In physics, a spring is defined as a storehouse for mechanical energy. That energy can be harnessed for an entirely different type of energy – oil and gas – when used by oil field services companies.

One local business, Suhm Spring Works, has been making springs for the oil, gas and petrochemical industries for more than 70 years.

The company began as a woodworking business launched by German immigrant Carl Suhm in Houston in 1885. It’s grown into a multimillion-dollar business with an offshoot in Dallas and a manufacturing facility in Mexico.

“But most of our manufacturing takes place here in Houston,” said Mark Scarborough, 56, the company’s president. “We can manufacture a spring that’s anywhere from 0.005 inch in diameter all the way up to one that’s more than 2.875 inches.”

Suhm Spring Works switched from crown molding and other wood products to springs during World War II. Scarborough practically grew up at the company. His father served as its vice president from 1969 to 1996 and often took his son to the business on Saturdays.

At that time, one of Suhm’s heirs, Dan Morgan, helmed the company. Morgan was followed by his son, Russell, who led the company until 2008. Since then, no Suhm heirs have been involved in the daily operation of the business.

Scarborough took over as president in 2008. He said that spending Saturdays grinding springs and cutting wire provided an excellent training ground.

“There’s nowhere to go to be trained in something like this,” Scarborough said. “Most of our employees come here not knowing what they want to do, but then they find a spot and they grow into it. We got lucky during the 1990s because we hired a good core group of people, and that group attracted other good employees.”

Today, Suhm Spring Works makes springs from about 25 different types of materials. Depending on the type and size, springs can cost as much as $20,000.

“It all depends on what companies need them for,” Scarborough said. “This is a very price-sensitive business, but it’s also a quality issue. Companies sometimes need these springs to survive very extreme temperatures and extreme corrosion.”

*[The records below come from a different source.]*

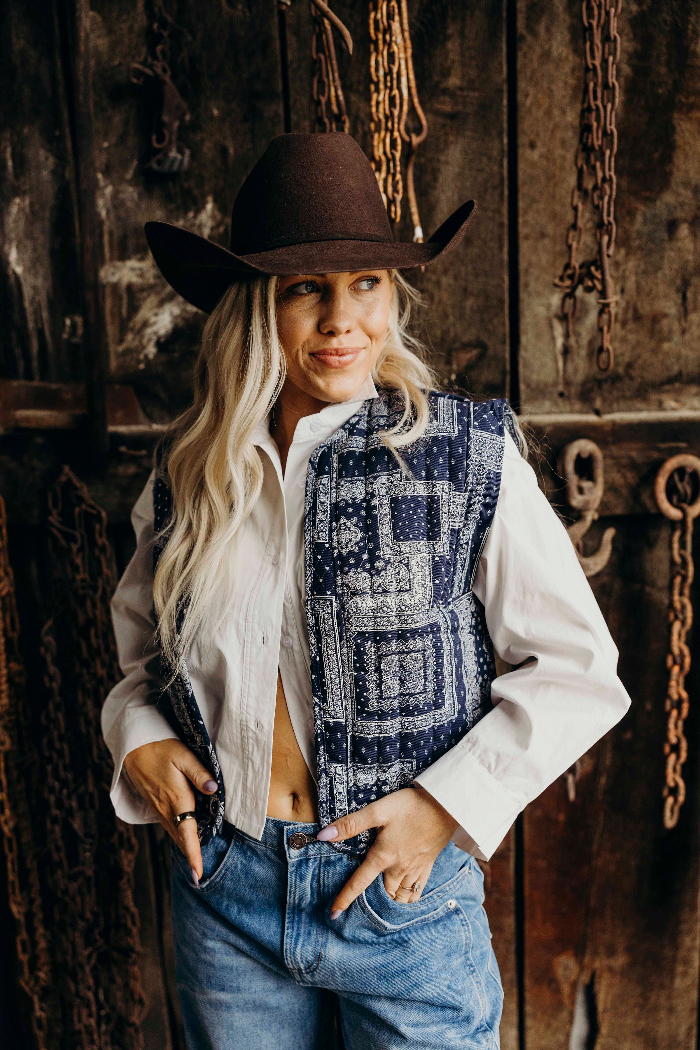 Elevate your fall wardrobe with The Finch Vest, a navy western-style piece featuring a bold bandana print. This sleeveless, open-front vest is fully lined for comfort and layering ease. Perfect for adding a touch of rugged charm while staying stylishly warm on cooler days.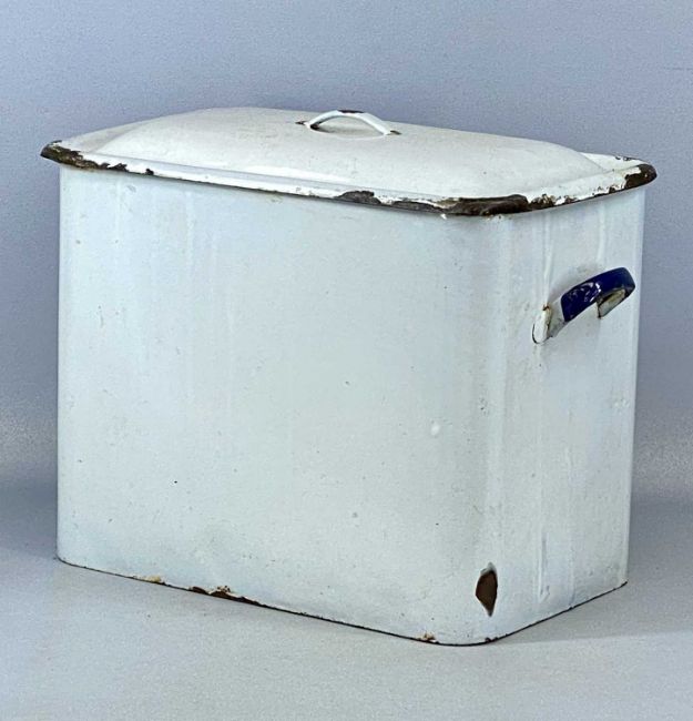 LARGE VINTAGE ENAMEL BREAD BIN, white with black lettering and blue handles, 34 (h) x 43 (w) x 28cms (d)Provenance: private collection Conwy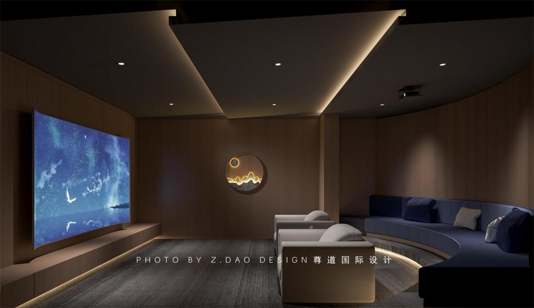 影音室故意设计成了一个包围感很强的构造,也是在阐述着圆的元素,一盏山水的壁灯,也就成了空间的风格点缀。祥云状的吊灯是空间的精致体现,玻璃云朵貌似在看着天井外的天空,借着天井和天空说话。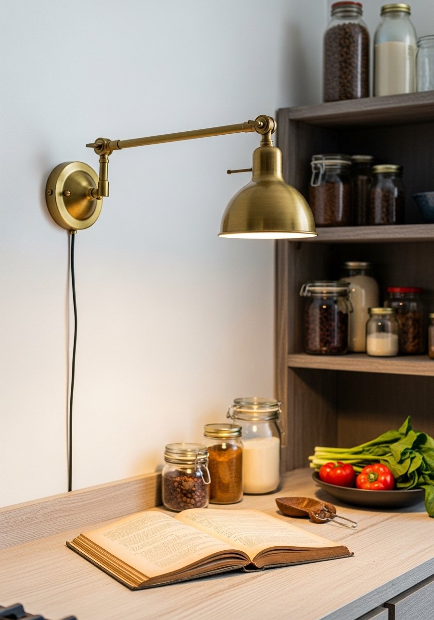 A swing-arm sconce gives me directed light without ceiling work. It’s great by a coffee station. I used brass swing-arm sconces. Keep arms foldable so they don’t block sightlines. Mistake: choosing a heavy look—pick slim arms for low ceilings.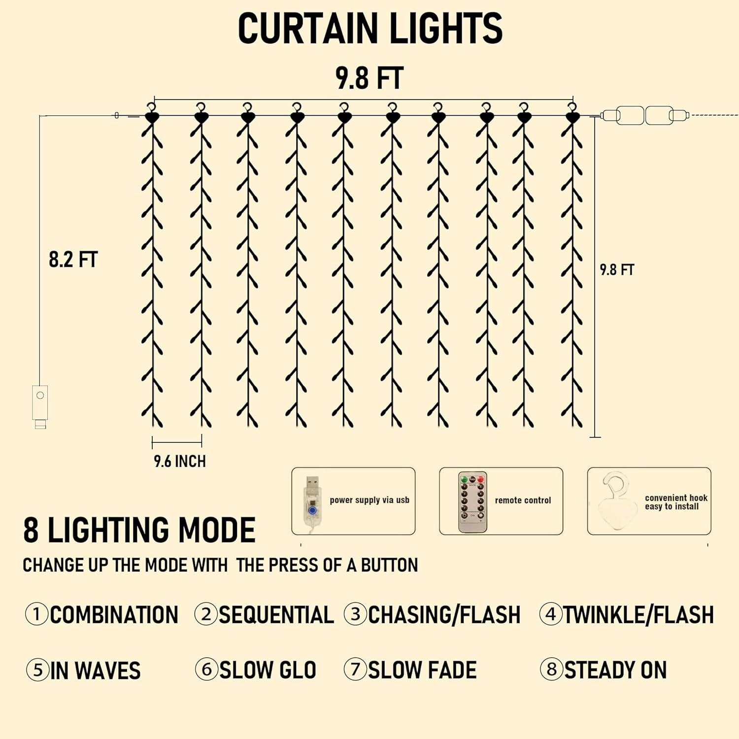 - 8 modes setting: Funpeny LED curtain string lights has 8 lighting modes(Combination, In waves, Sequential, Slow Glow, Chasing/Flash, Slow fade, Twinkle/Flash, Steady on). Beautiful and practical, multiple functions can meet your needs.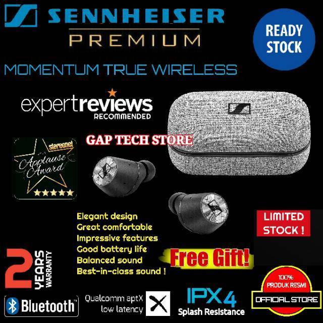 jual sennheiser momentum true wireless premium bluetooth in ear headphones jakarta pusat gap tech official tokopedia
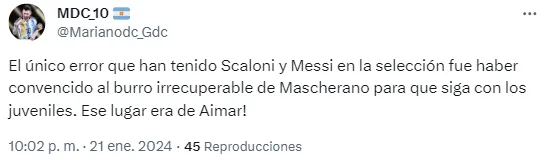 El combinado dirigido por el exmediocampista perdió oportunidades claras para anotar la primera diferencia, pero en total llegó pocas veces al arco rival. En redes sociales, los hinchas argentinos criticaron ferozmente el nivel de juego del equipo y apuntaron contra Mascherano.

“That’s the thing about Suhm Springs,” said Eddy Blair, a project manager at oil field services company Baker Hughes. “They’ve always been interactive with our engineers. As much as technology changes in our industry, we needed someone who could work with our engineers and share information with them.”

Scarborough estimates that half of the company’s clients are in oil field services. The other half are from the petrochemical, power generation and industrial fields.

Much of the manufacturing takes place at Suhm’s 62,000-square-foot headquarters. Since buying parts can be expensive, his company often makes and repairs its own equipment, Scarborough said.

While Scarborough declined to provide annual revenue figures, he said the company has grown exponentially since 1969. At that time, it earned $1 million annually and employed 25 people. Today, the company employees 150 staff in Houston, 40 in Mexico and 15 in Dallas. Suhm Spring Works also has clients in Europe, Asia, South America and North America.

“We’re happy with the scope of our products, but now it’s about enlarging our customer base even more,” he said.